Under the proposed regulations, all offerors and shippers would be required to implement a sampling and testing program for mined gases and liquids extracted from the earth (e.g., crude oil) to ensure their hazards are understood and accounted for in packaging and emergency preparedness. Offerors would be required to maintain documentation of the sampling and testing program, review their program annually, and make program documentation available to DOT upon request. The program would include:

  • Frequency of sampling to understand material variability;
  • Sampling of different points along the supply chain to understand changes during transportation;
  • Sampling methods that ensure samples representative of entire mixtures, as packaged;
  • Testing methods to ensure better analysis, classification, and characterization of materials;
  • Statistical justifications for sample frequencies;
  • Duplicate samples for quality assurance; and
  • Criteria for modifying sampling and testing programs.

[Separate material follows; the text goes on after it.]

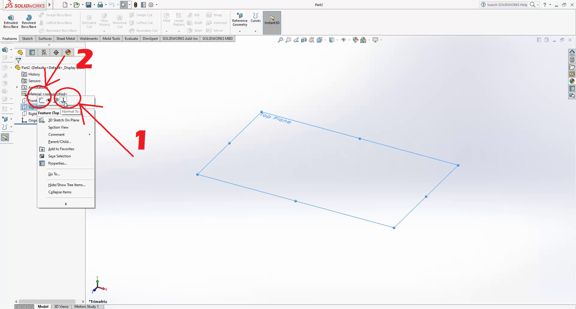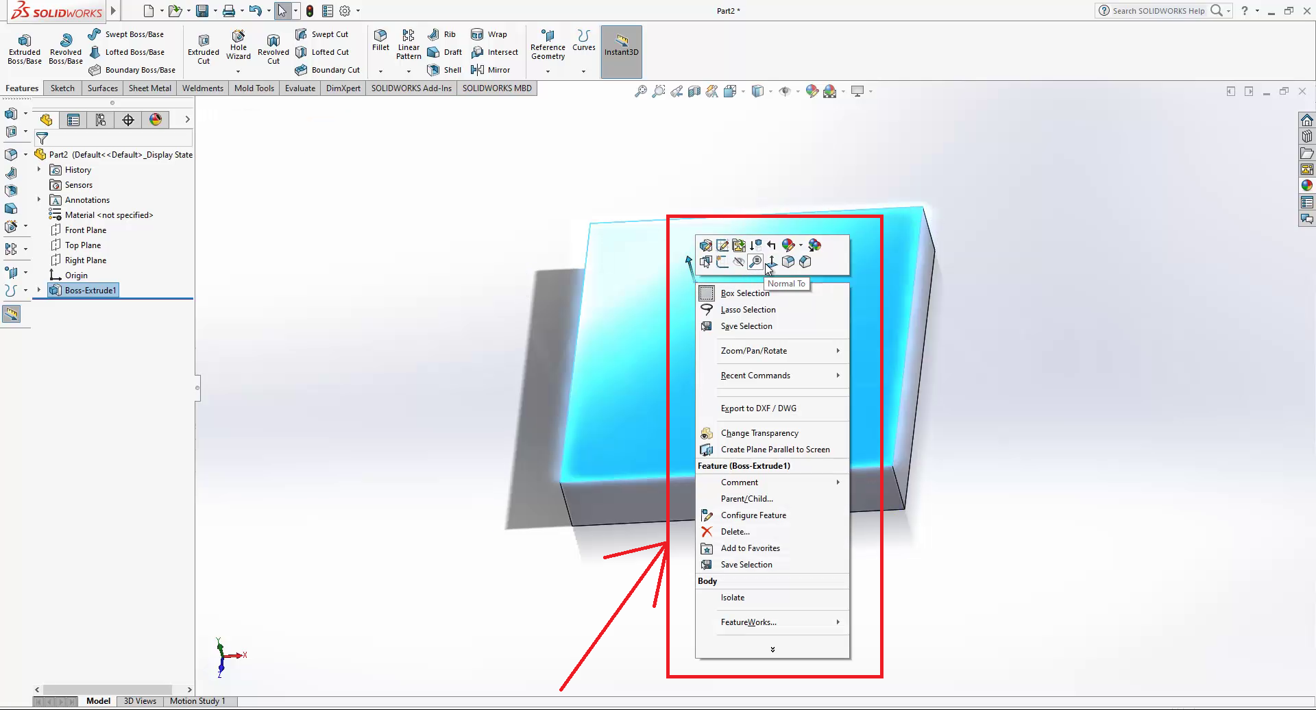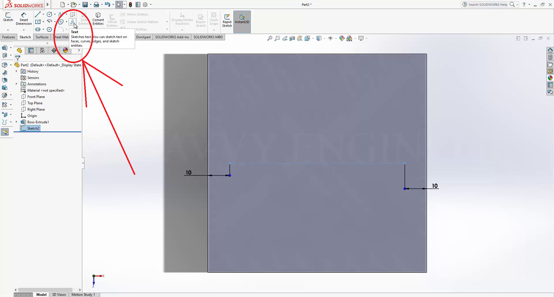 My plan here is to create an extrusion of 20mm then write a text on it. First, go to the top plane, do right-click, click on normal to, then on sketch.
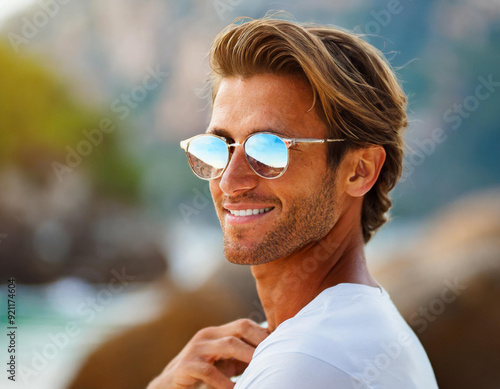 Opalony przystojny mężczyzna w okularach przeciwsłonecznych na wakacjach

Additional Operational Requirements for High-Hazard Flammable Trains

The proposed regulations would impose additional requirements for high-hazard flammable trains (HHFTs), defined by the NPRM as trains carrying 20 or more tank carloads of a Class 3 flammable liquid. Specifically, all HHFT units constructed after October 1, 2015 must comply with DOT-117 tank car design requirements for tank cars, such as inclusion of thermal protection systems and tank car plate thickness requirements. The rule would phase out DOT-111 tank cars, the oldest tank cars in use, on the following schedule:

HHFT Class 3 Flammable Liquid Packing Group DOT-111 Not Authorized After
I October 1, 2017
II October 1, 2018
III October 1, 2020

Along with changes to tank car design specifications, operators of HHFTs would have to implement the following requirements:

  • Use of Risk Assessment in Route Selection: The proposed rule would apply rail routing requirements currently required of trains carrying certain volumes of Toxic-by-Inhalation (TIH) Chemicals, and other highly hazardous materials to HHFTs. Carriers would be required to apply 27 safety and security factors, including population density along routes, emergency response capability along the route, among others, in selecting a route for HHFTs.
  • Notification to SERCs: The rule would make permanent a May 2014 DOT emergency order requiring HHFTs carrying more than one million gallons of Bakken crude oil to notify State Emergency Response Commissions (SERCs) and other appropriate state officials about the operation of such trains through their states. Carriers would be required to report such information within 30 days of the effective date of the rule and to maintain documentation of notifications that could be made available to the Federal Railroad Administration (FRA) upon request.
  • Speed Limits and Enhanced Braking Requirements: HHFTs would be limited to 50 mph in all areas. PHMSA seeks comments on whether HHFTs that do not meet design specifications should be subject to 40 mph speed limit options in certain areas. The proposed regulations also would require HHFTs to be equipped with alternative brake propagation systems as an added safety precaution.

Other DOT Actions

Along with the NPRM, DOT issued a companion ANPRM seeking comment on the application of oil spill response planning to the shipment of flammable liquids as well as an Operation Safe Delivery Update report containing data collected from its staff and the FRA from August 2013 to May 2014. This report concludes that Bakken crude oil is more volatile and flammable compared to other crude oils. In a press release, DOT claims that it will continue to monitor the data through the fall of 2014.